Why The Democrats Haven’t Produced A “Contract With America”

by John Hawkins | March 6, 2006 9:58 am

Over at the New York Times[1], Adam Nagourney writes on the Democrats’ inability to put together a coherent party platform. Here’s a key passage from Nagourney’s piece:

“Democrats pointed out that Republicans did not offer their Contract With America until the final weeks of the 1994 campaign and said that they were planning to offer their own version by summer.

Still, party officials said, it has been difficult to build a consensus. Some Democrats want to call for raising automobile mileage standards to conserve energy, but Democrats in Michigan have resisted that idea. While Democrats including Ms. Madrid of New Mexico want to set a timetable for pulling out of Iraq, others say that would be politically and militarily disastrous.

Mr. Emanuel, though, said he was not worried. “What divide?” he said.

“We agree on Social Security,” he continued. “We also agree on the war, which is, not more of the same.”

“Skelton has a position. Murtha has a position. Levin has a position,” he said of Congressional Democrats who have raised questions about the war. “But all of them have one thing in common: Staying the course is a fool’s errand.

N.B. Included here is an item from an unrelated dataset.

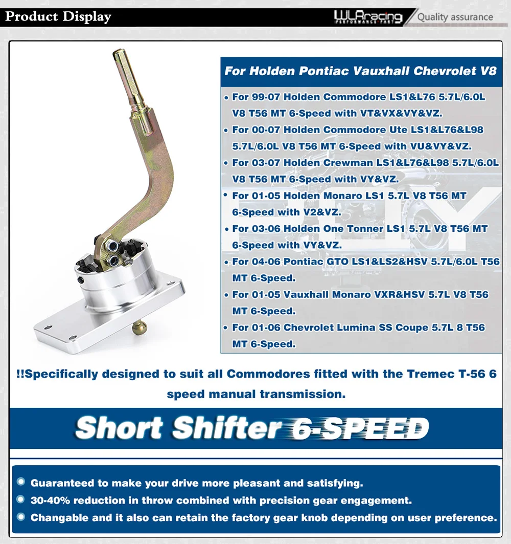 WLR RACING-Новый короткий переключатель для Holden Commodore VT VU VX VY VZ LS1 V8 T56 Короткий рычаг переключения передач СЕРЕБРЯНЫЙ СОВЕРШЕННО НОВЫЙ HSV WLR5390Заявка:- Для CHEVROLET Lumina SS Coupe 01-06 V8 5.7L 6-ступенчатая T56 Borg-Warner Manual / Standard

O.K.? I’m happy that our party has a lot of different ideas about how to solve a problem.”

There’s a reason why the left still hasn’t come up with a Democratic “Contract with America,” 10 years after it was an important factor in helping the GOP take back the House.

For a “Contract with America” to be worth anything politically, it has to feature at least a few very popular ideas that most people on the other side of the aisle won’t get behind. That’s because obviously, if your ideas aren’t popular they won’t help get you elected and if the other side has the same position, it gives the voters no motive to get behind you.

This is a problem for the Democrats because they support lots of popular ideas that Republicans also champion and they have lots of unpopular ideas that Republicans won’t support, but what they don’t have an abundance of are very popular ideas that Republicans won’t support and without those, a Democratic “Contract with America” won’t help much.

Hat tip to Ann Althouse[2] for the story.